With university, what helped settle me in was socialising and finding my friendship groups within the course as well as outside of it. Pre-reg was tough because it was affected by COVID-19, so I didn’t really get to say goodbye to university – my graduation came two years later, with exams done online. This meant that when it came to pre-reg, no one felt quite ready. Everyone still had to wear COVID-19 protection, change in and out of an overall and take gloves on and off. For a supervisor to take on a pre-reg in those times, it must have been a lot.

Pre-reg was tough because it was affected by COVID-19, so I didn’t really get to say goodbye to university – my graduation came two years later, with exams done online

I was originally assigned a store near to home and I was filled with joy. I worked there for a few months, but ultimately wasn’t taken on because they just didn’t have the capacity, especially with COVID-19 at its peak. I then worked between two stores in Brighton, commuting all the way from Epsom, then moved to Guildford where I stayed on and finished my pre-reg.

Ultimately the pre-reg was really difficult to settle into, but I was at a point where I wanted to take any and every opportunity that came my way. I knew that once my first visit was done, I would be on track to completing my journey.

Staying organised was another way of settling in. You can have all these life changes but the more organised you can be, the better it will be for you, regardless of whatever changes may come. I’d advise organisation and maintaining that attitude of taking every opportunity that presents itself and just running with it.

How do you approach balancing studying and working, with socialising and making time for yourself?

When my foot steps out of the practice door, that’s it, I just completely switch off from work. I have a good set of friends who are all keen on experience days, but it is just as important as being an all-round person and taking care of yourself. There needs to be something beyond just optometry, particularly keeping a set of hobbies and continuously developing them. I’m quite into health and fitness, going to the gym and for walks, and I enjoy renovating. My tip is to keep three to four hobbies and try to do each of them once a week.

Experiencing Johnson & Johnson STEP

What was your experience of Johnson & Johnson STEP as a pre-registration optometrist?

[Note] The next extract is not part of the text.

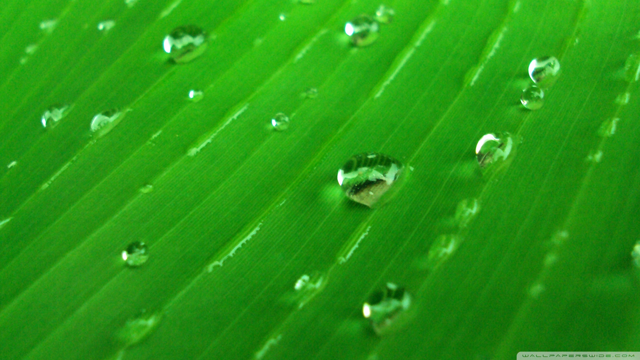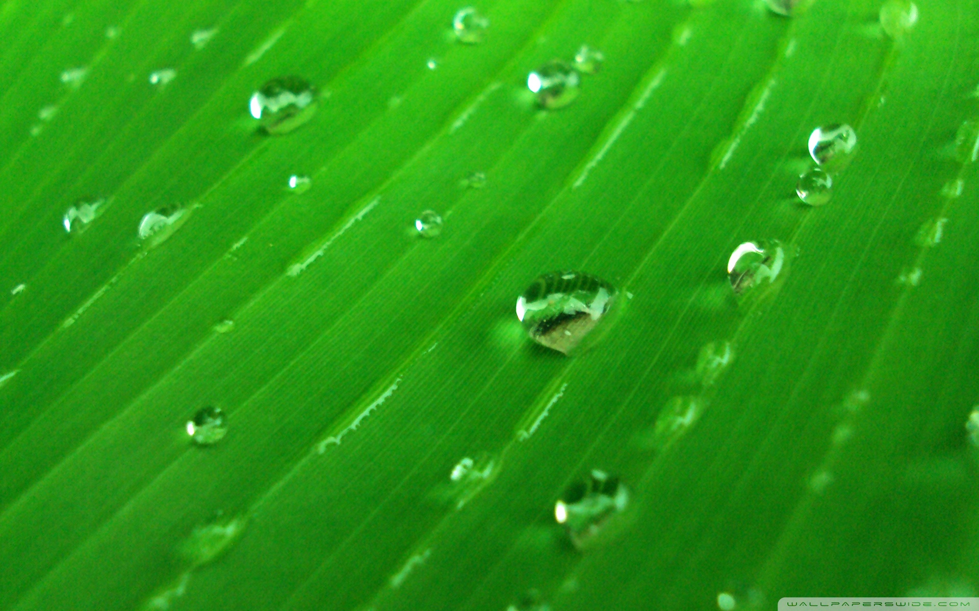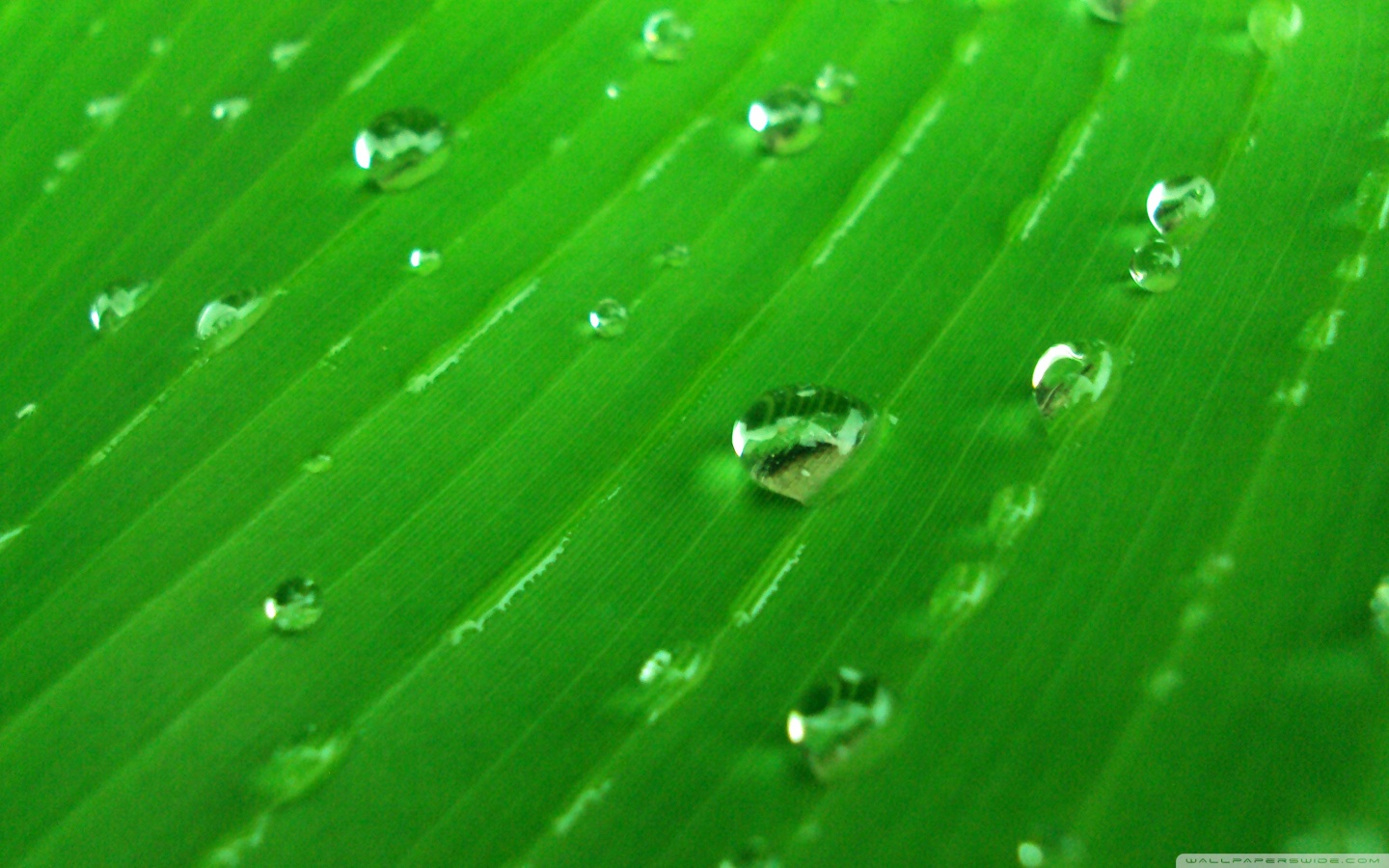Download Water Drops On Green 4K UHD Wallpaper
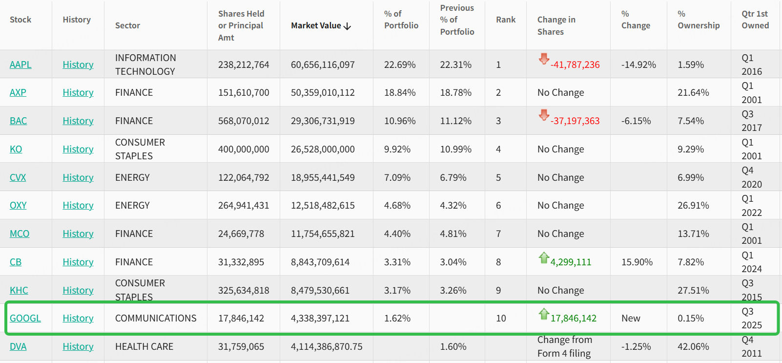 13F 文件顯示,伯克希爾於三季度新進 Alphabet(GOOGL)約 1,785 萬股,這是該公司首次建倉谷歌母公司。

Johnson & Johnson was the one constant support that I had throughout pre-reg in the face of all the changes that I experienced; through virtual classes and Zoom calls and everything else. Having that one person who’s constant, to guide you the whole way through, is one of the biggest and best ways J&J helped me.

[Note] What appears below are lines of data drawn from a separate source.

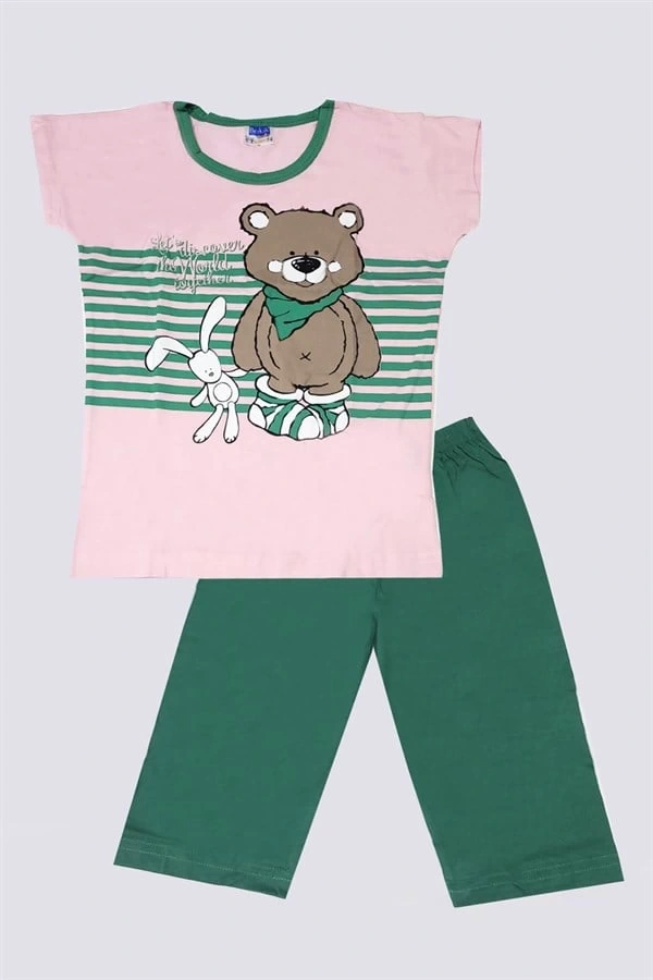 BERRAK Kız Çocuk Ayıcık Desenli Alt Üst Pijama Takımı, küçük prenseslerin rahat ve şirin bir şekilde uyumasını sağlar.
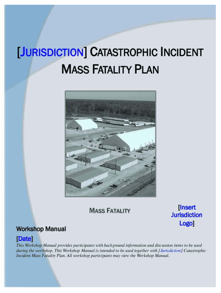 [JURISDICTION] CATASTROPHIC INCIDENT MASS FATALITY PLANMASS FATALITY Workshop Manual [Date][Insert Jurisdiction Logo]This Workshop Manual provides participants with background information and discussion
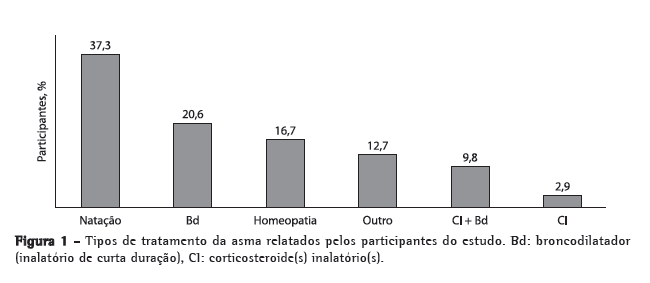 Dos 223 nadadores que relataram asma ou bronquite alguma vez na vida (questão 8), apenas 102 (45,7%) relataram algum tipo de tratamento: natação foi o "tratamento" mais frequente (37,3%) e apenas 12,7% utilizavam corticosteroides inalatórios (Figura 1).
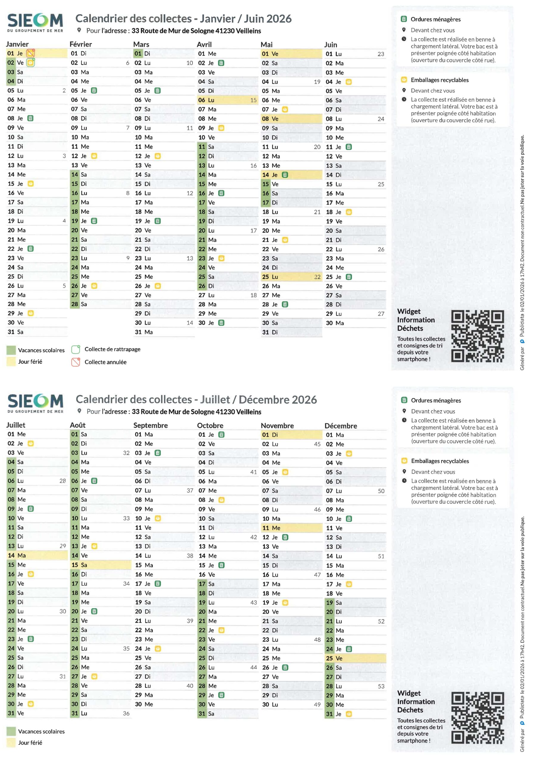 Calendrier Ramassage Ordures ménagères 2026
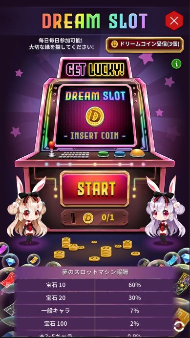 毎日一回もらえるドリームコインを使用して、スロットを回すことができます。
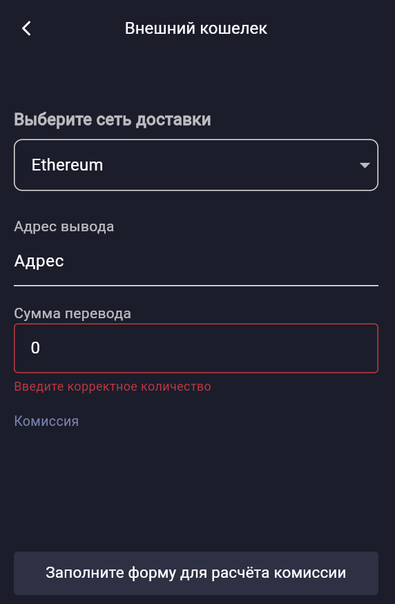 Вставьте адрес внешнего кошелька, на который будет выполнен вывод, и укажите сумму перевода.
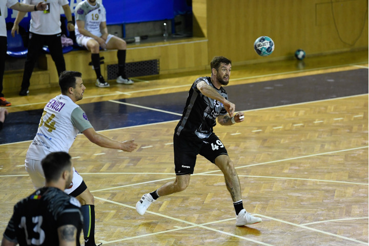 Descriere: Nantes Raul Campos si Cristian Stelian Fenici in meciul de handbal masculin dintre CSM Bucuresti si SCM Politehnica Timisoara, contand pentru Turneul Liga Zimbrilor, desfasurat fara spectatori in Sala Horia Demian din Cluj Napoca, marti 8 aprilie 2021. © FOTO:Flaviu Buboi/SPORT PICTURES
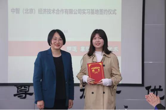党委书记朱茂向中智(北京)公司授牌“西北政法大学实践教育基地”,崔岩副总经理向人力资源管理专业二年级学生高雨授予“中智(北京)公司校园大使”聘书。
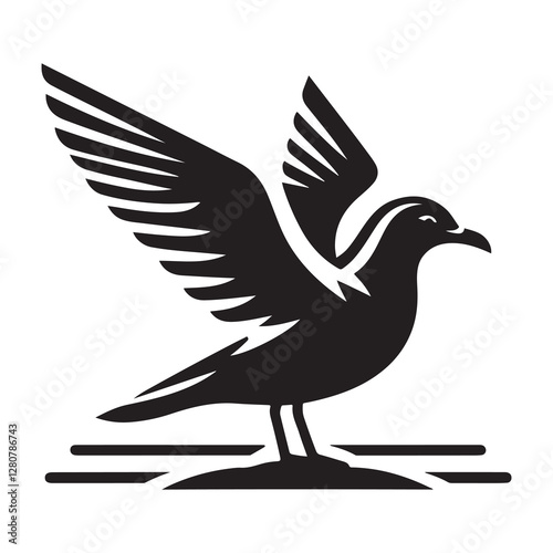 © Faysal, Obraz premium Seagull bird Silhouette Vector Illustration, Solid White Background.

One stand-out was the resources they gave me, such as a book called Essential Contact Lens Practice, which contains potential contact lens complications and various patient scenarios.

Their Objective Structure Clinical Examination (OSCE) stations are really good too. I did terribly in my mock OSCEs; I thought I was ready for my final exams, and they really made me realise there was so much more to do. That was my lightbulb moment where I realised that there are still more areas to develop to be constantly evolving and becoming a better optometrist. 

Having constant support was one of those things that made me want to become a mentor myself and give back


What made you want to join as a mentor? What does your role look like?

Being a mentee, I had that constant support from one person who was able to guide me the whole way through and allow me to ask the questions I might not have felt comfortable asking my supervisor – in case I was expected to already know the answers – and just having the freedom to discuss things openly. Having constant support was one of those things that made me want to become a mentor myself and give back.

Pre-reg is not easy; it’s tough and a lot of people don’t always receive the full support they need. I know how valuable it is to be able to go somewhere like STEP and be provided help and resources. Also, when considering the educational side of things, it’s a different type of role to everything else I’m doing, which has encouraged me to push myself in all sectors within the optics field.